Dataset records
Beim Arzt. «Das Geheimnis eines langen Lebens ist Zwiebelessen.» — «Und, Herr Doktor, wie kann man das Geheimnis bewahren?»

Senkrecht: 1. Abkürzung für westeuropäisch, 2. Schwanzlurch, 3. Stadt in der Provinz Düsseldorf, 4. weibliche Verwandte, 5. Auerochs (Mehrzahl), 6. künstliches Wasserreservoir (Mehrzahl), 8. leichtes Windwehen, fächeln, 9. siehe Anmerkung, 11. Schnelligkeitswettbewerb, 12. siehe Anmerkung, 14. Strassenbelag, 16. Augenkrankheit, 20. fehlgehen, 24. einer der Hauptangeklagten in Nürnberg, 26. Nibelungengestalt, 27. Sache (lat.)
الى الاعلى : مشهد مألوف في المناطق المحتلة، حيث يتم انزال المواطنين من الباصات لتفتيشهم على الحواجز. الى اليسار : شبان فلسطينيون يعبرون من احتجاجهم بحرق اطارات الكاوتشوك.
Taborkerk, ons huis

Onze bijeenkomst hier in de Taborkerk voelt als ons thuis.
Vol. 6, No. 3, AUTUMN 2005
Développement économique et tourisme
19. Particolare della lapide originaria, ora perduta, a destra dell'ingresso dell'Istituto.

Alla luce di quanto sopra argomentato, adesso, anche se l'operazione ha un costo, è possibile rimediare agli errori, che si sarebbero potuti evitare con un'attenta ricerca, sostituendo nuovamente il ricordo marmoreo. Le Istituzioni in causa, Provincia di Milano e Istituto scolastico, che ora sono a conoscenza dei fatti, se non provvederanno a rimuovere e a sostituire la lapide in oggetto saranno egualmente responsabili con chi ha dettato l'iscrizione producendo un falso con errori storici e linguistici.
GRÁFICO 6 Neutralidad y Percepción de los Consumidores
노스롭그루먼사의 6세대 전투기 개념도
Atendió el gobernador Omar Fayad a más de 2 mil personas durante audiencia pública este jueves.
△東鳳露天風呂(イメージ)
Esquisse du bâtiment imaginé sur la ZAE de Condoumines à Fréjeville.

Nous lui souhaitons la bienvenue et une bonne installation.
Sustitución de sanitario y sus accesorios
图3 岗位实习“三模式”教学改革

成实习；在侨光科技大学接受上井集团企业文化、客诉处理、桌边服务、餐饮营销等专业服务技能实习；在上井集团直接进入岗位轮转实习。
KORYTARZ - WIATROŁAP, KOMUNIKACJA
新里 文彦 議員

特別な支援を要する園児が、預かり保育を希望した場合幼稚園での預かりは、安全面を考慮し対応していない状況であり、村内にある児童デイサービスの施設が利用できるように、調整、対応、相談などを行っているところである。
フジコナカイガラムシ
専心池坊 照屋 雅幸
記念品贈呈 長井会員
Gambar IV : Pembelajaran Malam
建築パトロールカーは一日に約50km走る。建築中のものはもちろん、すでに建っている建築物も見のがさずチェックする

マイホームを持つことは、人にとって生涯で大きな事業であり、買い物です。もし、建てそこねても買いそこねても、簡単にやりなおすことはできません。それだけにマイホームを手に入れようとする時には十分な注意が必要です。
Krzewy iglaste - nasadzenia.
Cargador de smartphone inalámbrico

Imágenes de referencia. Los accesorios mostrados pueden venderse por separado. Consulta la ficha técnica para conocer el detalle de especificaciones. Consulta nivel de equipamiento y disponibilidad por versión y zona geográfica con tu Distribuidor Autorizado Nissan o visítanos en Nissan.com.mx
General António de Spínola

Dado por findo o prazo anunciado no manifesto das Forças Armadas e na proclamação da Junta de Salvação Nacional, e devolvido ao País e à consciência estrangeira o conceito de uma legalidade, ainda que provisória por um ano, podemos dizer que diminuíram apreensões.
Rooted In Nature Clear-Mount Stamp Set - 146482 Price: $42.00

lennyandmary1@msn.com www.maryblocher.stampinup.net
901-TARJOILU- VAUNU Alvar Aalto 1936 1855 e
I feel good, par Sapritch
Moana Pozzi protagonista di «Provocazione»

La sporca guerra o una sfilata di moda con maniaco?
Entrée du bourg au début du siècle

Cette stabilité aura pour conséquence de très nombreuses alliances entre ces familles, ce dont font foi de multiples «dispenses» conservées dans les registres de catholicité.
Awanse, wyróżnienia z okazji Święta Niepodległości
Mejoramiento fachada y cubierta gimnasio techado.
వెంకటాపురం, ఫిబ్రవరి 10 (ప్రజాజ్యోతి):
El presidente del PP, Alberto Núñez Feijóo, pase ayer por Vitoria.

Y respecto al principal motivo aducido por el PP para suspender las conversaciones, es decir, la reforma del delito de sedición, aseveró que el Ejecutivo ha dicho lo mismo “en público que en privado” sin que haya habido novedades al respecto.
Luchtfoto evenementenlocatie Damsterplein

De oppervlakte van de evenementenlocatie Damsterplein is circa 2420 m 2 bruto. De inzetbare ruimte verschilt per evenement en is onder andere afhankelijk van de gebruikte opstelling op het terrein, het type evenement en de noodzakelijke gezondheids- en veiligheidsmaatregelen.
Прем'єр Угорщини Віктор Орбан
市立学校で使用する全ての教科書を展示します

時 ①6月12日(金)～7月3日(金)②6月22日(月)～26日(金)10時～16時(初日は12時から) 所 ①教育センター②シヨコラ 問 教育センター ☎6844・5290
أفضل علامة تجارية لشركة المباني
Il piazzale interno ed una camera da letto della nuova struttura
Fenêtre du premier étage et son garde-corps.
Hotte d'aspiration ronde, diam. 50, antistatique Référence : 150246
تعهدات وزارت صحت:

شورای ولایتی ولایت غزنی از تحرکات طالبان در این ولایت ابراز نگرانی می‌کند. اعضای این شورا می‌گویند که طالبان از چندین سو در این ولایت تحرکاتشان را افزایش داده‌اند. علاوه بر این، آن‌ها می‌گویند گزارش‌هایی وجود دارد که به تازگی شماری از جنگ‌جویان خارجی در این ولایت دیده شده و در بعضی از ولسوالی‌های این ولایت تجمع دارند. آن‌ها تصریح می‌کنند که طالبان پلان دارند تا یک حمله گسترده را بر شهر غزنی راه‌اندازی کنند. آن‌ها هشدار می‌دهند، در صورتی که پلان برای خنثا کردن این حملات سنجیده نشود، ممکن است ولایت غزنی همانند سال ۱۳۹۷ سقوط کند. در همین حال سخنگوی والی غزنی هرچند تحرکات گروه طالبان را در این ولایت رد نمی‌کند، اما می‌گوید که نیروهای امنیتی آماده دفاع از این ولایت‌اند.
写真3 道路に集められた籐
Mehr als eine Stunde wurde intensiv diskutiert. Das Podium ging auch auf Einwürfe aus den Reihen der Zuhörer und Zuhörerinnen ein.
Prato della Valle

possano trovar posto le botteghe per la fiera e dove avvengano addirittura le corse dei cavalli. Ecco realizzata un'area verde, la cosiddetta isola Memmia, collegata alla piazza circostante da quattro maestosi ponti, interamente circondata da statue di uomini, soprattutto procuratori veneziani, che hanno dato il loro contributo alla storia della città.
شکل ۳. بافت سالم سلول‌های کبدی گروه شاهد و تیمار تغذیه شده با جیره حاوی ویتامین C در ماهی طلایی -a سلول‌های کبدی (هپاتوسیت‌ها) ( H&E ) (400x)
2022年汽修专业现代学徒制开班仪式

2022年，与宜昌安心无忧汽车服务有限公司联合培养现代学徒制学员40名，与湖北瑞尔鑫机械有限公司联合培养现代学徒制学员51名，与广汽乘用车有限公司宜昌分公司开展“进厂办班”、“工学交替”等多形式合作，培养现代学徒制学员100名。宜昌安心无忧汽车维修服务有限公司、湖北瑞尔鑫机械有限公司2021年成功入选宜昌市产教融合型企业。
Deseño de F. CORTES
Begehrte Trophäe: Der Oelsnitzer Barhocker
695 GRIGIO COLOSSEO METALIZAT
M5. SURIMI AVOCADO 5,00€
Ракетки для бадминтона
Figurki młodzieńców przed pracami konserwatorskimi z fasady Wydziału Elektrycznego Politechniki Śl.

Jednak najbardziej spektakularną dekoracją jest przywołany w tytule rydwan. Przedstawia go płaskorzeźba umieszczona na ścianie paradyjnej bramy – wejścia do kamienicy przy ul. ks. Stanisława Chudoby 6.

### What you should do
Whenever "lapide" occurs in a line of the entries, copy that line.

### Answer for the task
19. Particolare della lapide originaria, ora perduta, a destra dell'ingresso dell'Istituto.
Alla luce di quanto sopra argomentato, adesso, anche se l'operazione ha un costo, è possibile rimediare agli errori, che si sarebbero potuti evitare con un'attenta ricerca, sostituendo nuovamente il ricordo marmoreo. Le Istituzioni in causa, Provincia di Milano e Istituto scolastico, che ora sono a conoscenza dei fatti, se non provvederanno a rimuovere e a sostituire la lapide in oggetto saranno egualmente responsabili con chi ha dettato l'iscrizione producendo un falso con errori storici e linguistici.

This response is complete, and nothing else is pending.